◆ Information shown
________________

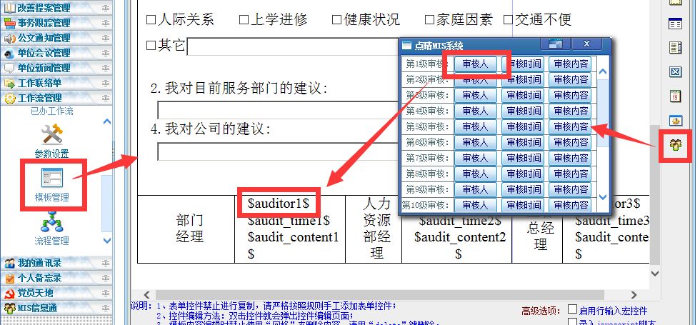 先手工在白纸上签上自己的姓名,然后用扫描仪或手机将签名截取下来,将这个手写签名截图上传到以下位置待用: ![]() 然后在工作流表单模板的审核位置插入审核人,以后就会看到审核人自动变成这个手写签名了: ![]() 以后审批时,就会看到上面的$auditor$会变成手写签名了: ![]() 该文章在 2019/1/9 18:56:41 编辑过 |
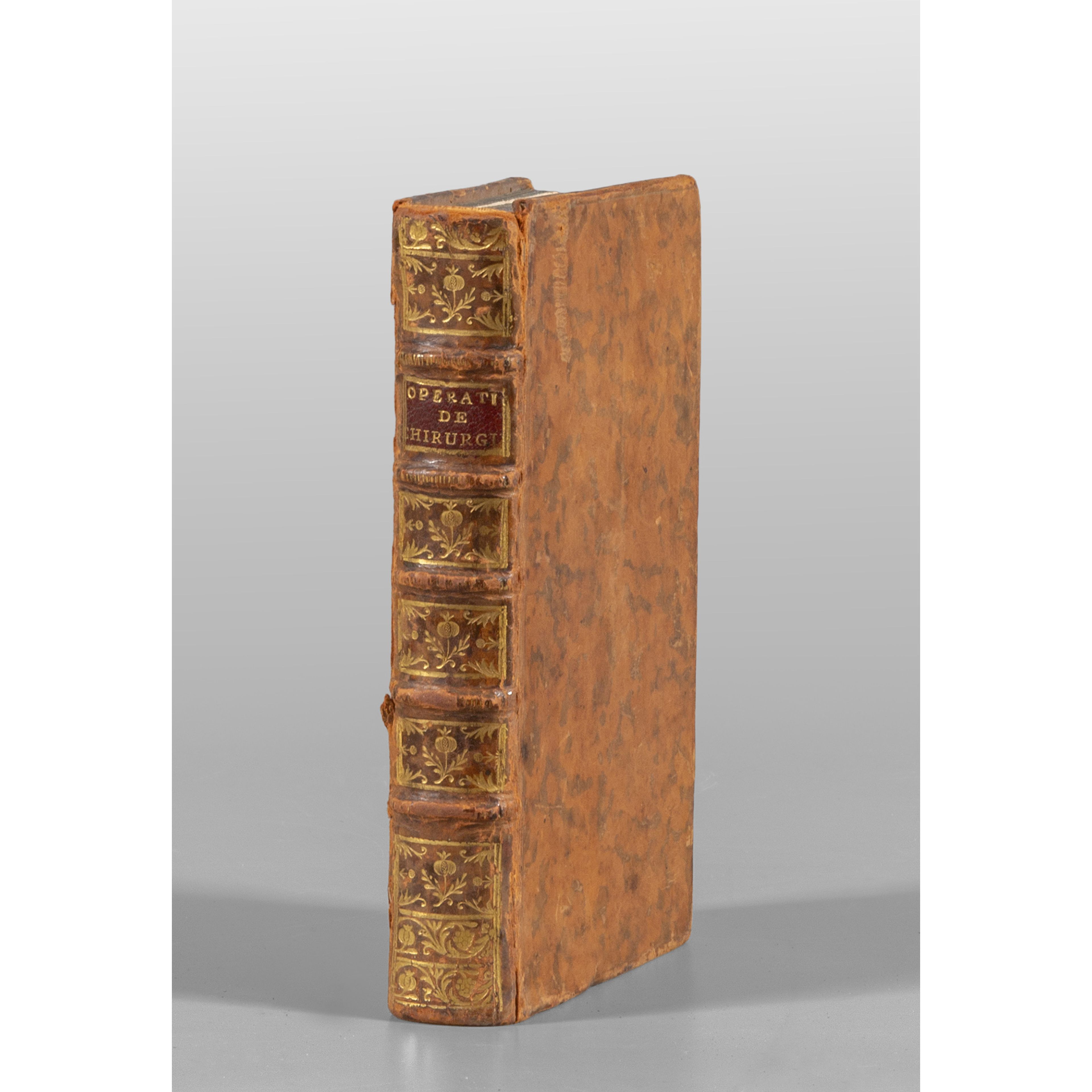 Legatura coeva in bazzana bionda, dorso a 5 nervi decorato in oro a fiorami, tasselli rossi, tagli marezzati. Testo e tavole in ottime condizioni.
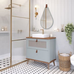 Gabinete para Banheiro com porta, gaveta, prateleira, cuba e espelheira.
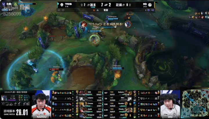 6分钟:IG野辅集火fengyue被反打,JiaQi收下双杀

________________

◆ Activity
Repeat the listing word for word, omitting the pictures.

◆ Answer space
 先手工在白纸上签上自己的姓名,然后用扫描仪或手机将签名截取下来,将这个手写签名截图上传到以下位置待用: ![]() 然后在工作流表单模板的审核位置插入审核人,以后就会看到审核人自动变成这个手写签名了: ![]() 以后审批时,就会看到上面的$auditor$会变成手写签名了: ![]() 该文章在 2019/1/9 18:56:41 编辑过 |
 Legatura coeva in bazzana bionda, dorso a 5 nervi decorato in oro a fiorami, tasselli rossi, tagli marezzati. Testo e tavole in ottime condizioni.
 Gabinete para Banheiro com porta, gaveta, prateleira, cuba e espelheira.
 6分钟:IG野辅集火fengyue被反打,JiaQi收下双杀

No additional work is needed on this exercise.